PLáSTICA
Bobby vuelve a casa
Una bella muestra antológica en la Galería Ruth Benzacar rinde homenaje a la obra (y la vida) de Roberto Aizenberg, el hombre que –codo a codo con Xul Solar y Battle Planas, que fuera su maestro– reinventó el paradigma surrealista a fuerza de rigor, un clasicismo obstinado y una convicción estética ajena a todos los imperativos de la moda.
POR MARÍA GAINZA
Bobby terminó de sacar punta a sus lápices y los ordenó de menor a mayor en el borde del pupitre. Acomodó la regla y el compás en la cartuchera, y miró hacia la profesora de Química, que terminaba de diseñar una estructura atómica. Pero sus ojos vieron más allá, mucho más allá de los satélites de tiza en el pizarrón: atravesaron las gruesas paredes del aula del Colegio Nacional de Buenos Aires, se filtraron entre los edificios de Plaza de Mayo y llegaron al río. Recién entonces Bobby empezó a trazar, nítido, el dibujito de una mano saliendo del agua. “Era algo doloroso, como si fuera que de mí creciera una fuerza ingobernable. Una cosa muy rara, de la que no registraba antecedentes”, recordaría más tarde Roberto “Bobby” Aizenberg, puesto a reconstruir sus comienzos en la pintura. Esa concepción del artista como instrumento de revelación, como aparato que recibe y transmite información, marcaría para siempre su obra. En estos días, la galería Ruth Benzacar expone una sugestiva selección de la obra de uno de los tres pintores filo-surrealistas más importantes que haya tenido la Argentina (incluyendo en la tríada a Batlle Planas y a Xul Solar). Pero si conviene entrecomillar “surrealismo”, es porque desde el vamos el movimiento llegó a nuestras orillas pasado por agua, tomado con pinzas por estos artistas que, más que nada, rescataron su espíritu. Así lo entendía Aizenberg: “Ser surrealista significa sentir –de un modo tremendo– el impacto de la existencia, desarrollar virtudes de visionario y perseguir a través de una paciente labor artesanal una constante indagación del conocimiento humano”. Su obra, sin embargo, carga con una sensación de contenida terribilità que refiere al orden de lo ominoso y contagia la sensación inminente de que las cosas más cotidianas nos asaltarán, de golpe, como fantasmas.
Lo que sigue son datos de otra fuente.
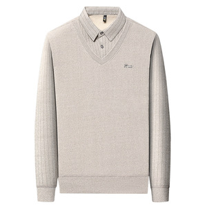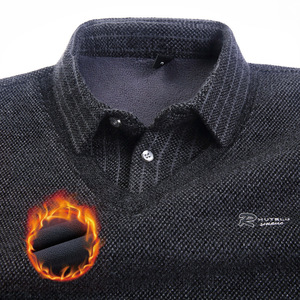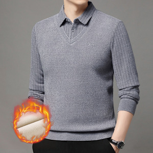 爆款加绒加厚冬季中年男士T桖假两件保暖上衣翻领条纹长袖男装
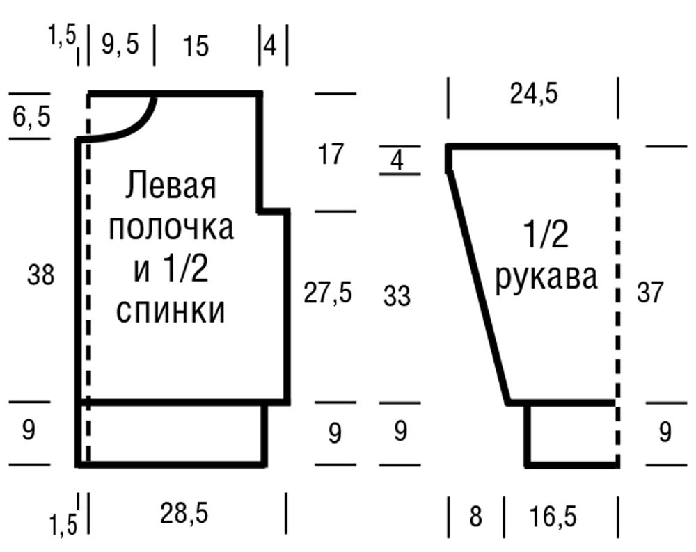 Пройму с правого края выполнить, как на спинке = 52 п.

No importa el rótulo que se le ponga (afilando el lápiz, Aldo Pellegrini la describió como “geometría metafísica”), la obra de Aizenberg siempre termina por escaparse. No bien creemos reconocer las sombras alargadas y los maniquíes que lo emparientan con De Chirico, se nos aparecen los biomorfismos de Dalí o los arlequines de Max Ernst. Porque Aizenberg es un caso particular, como dictaminó lúcidamente Marcelo Pacheco en la retrospectiva del 2001 en el Centro Cultural Recoleta. Indiferente a las modas, Aizenberg comenzó a pintar a comienzos de los años cincuenta, al tiempo que el informalismo irrumpía en la escena internacional con la fuerza de una pelota de squash que impacta contra un lienzo. En esa “política del gesto”, el arte se volvió materia en estado bravío. En su inmaculado taller, lejos de todo enchastre informalista, Aizenberg abordaba su trabajo como un pintor clásico: “Soy una máquina de tiempo que desconoce el pasado, el presente y el futuro, porque no quiero permanecer encerrado en ninguna de esas cajas”.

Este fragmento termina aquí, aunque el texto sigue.